• DATA EXCERPTS
· · ·
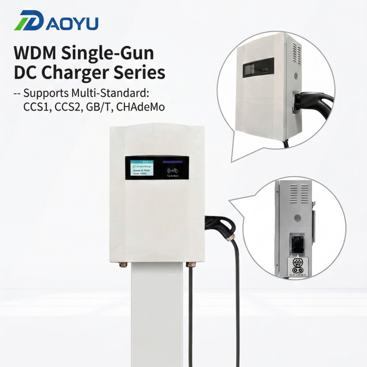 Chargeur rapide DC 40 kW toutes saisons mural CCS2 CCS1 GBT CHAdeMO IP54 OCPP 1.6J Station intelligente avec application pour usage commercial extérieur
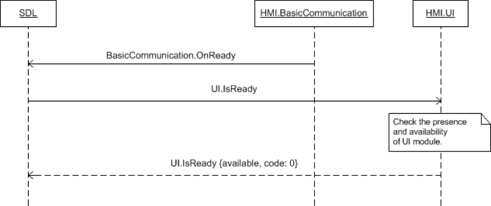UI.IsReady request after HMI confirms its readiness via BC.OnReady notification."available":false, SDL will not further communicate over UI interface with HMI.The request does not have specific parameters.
· · ·
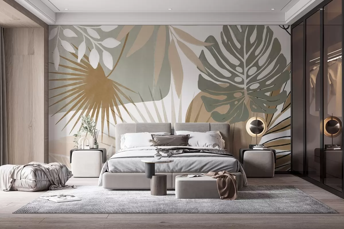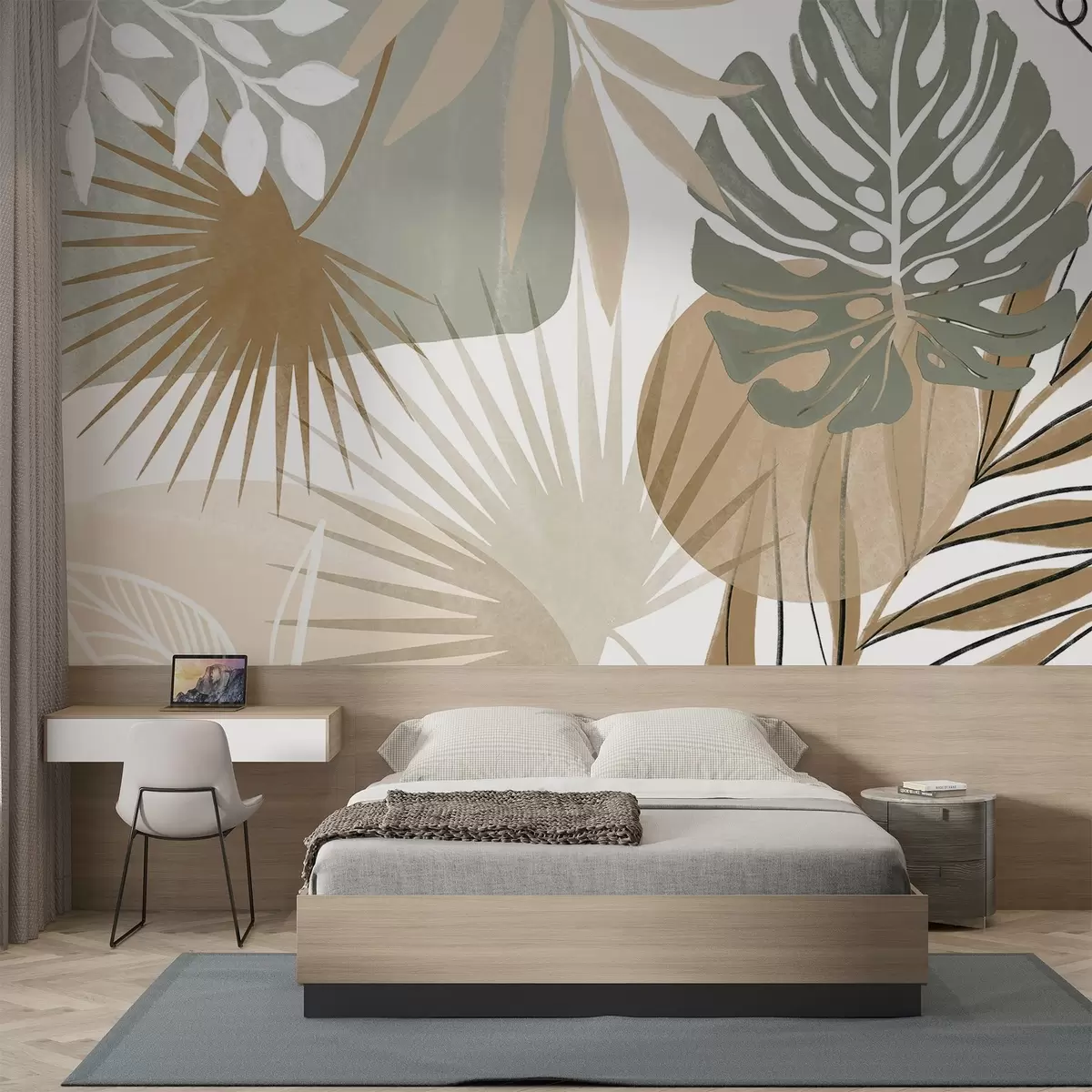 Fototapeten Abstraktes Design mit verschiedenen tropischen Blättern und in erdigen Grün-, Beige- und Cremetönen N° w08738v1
· · ·
• WHAT TO WORK ON
Copy exactly the lines of the entries above from the one containing "Chargeur rapide DC" through the one containing "UI.IsReady request after". Both end lines count; pictures do not.

• OUTPUT FOR THIS EXERCISE
 Chargeur rapide DC 40 kW toutes saisons mural CCS2 CCS1 GBT CHAdeMO IP54 OCPP 1.6J Station intelligente avec application pour usage commercial extérieur
UI.IsReady request after HMI confirms its readiness via BC.OnReady notification."available":false, SDL will not further communicate over UI interface with HMI.The request does not have specific parameters.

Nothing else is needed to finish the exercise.